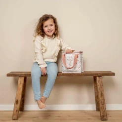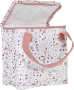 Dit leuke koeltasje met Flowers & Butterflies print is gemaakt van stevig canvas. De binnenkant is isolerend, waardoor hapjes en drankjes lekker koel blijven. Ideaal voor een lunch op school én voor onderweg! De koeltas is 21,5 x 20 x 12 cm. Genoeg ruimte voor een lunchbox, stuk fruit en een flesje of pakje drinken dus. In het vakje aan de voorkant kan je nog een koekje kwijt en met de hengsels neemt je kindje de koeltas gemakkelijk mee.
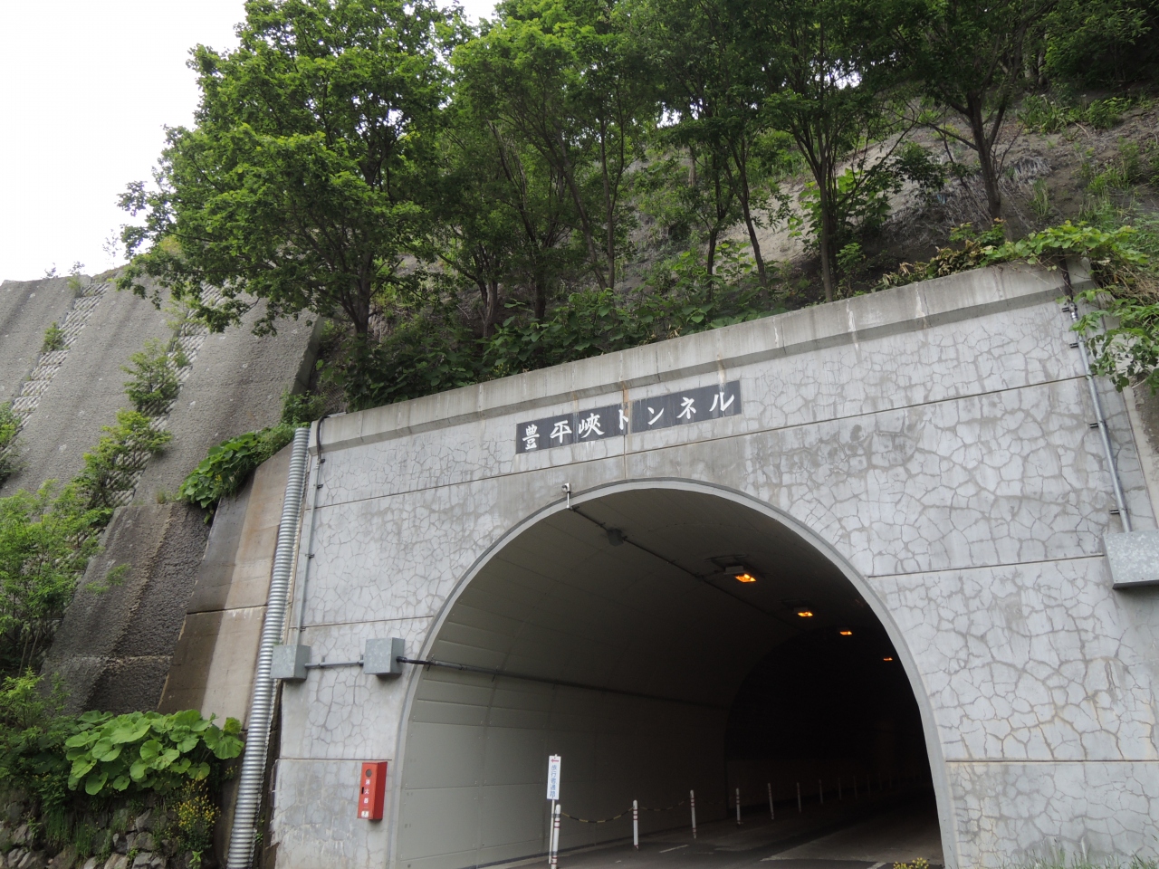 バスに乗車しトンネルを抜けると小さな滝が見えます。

---

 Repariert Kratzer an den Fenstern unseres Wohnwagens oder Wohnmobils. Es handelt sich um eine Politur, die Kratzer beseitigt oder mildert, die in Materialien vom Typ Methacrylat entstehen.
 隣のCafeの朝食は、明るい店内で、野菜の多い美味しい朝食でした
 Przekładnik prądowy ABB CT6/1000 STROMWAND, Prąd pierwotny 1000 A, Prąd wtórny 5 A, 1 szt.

--

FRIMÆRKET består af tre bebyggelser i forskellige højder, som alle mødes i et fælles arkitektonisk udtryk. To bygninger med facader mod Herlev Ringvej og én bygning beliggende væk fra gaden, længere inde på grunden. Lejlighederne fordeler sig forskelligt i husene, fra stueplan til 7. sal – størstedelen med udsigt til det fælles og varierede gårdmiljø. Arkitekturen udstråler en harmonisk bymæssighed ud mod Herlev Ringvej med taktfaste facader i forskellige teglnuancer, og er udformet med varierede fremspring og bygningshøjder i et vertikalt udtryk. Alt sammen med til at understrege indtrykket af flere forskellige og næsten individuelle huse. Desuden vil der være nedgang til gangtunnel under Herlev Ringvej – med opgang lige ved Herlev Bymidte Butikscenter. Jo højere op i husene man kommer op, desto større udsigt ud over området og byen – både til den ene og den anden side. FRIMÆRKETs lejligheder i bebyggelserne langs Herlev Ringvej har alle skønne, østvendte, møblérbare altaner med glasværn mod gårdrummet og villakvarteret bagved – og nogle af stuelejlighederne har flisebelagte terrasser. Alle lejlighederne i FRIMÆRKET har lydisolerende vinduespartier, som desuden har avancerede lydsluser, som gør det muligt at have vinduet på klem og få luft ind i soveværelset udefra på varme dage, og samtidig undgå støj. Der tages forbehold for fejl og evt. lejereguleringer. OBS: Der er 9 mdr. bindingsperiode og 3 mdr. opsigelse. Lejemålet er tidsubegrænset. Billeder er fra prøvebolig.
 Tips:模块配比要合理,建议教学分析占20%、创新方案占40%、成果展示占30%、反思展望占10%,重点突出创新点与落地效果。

» **Problem requirements**
From the data above, return every line from the line that has "隣のCafeの朝食は、明るい店内で、野菜の多い美味しい朝食でした" up to and including the line that has "Przekładnik prądowy ABB", exactly.

» **Output of the task**
 隣のCafeの朝食は、明るい店内で、野菜の多い美味しい朝食でした
 Przekładnik prądowy ABB CT6/1000 STROMWAND, Prąd pierwotny 1000 A, Prąd wtórny 5 A, 1 szt.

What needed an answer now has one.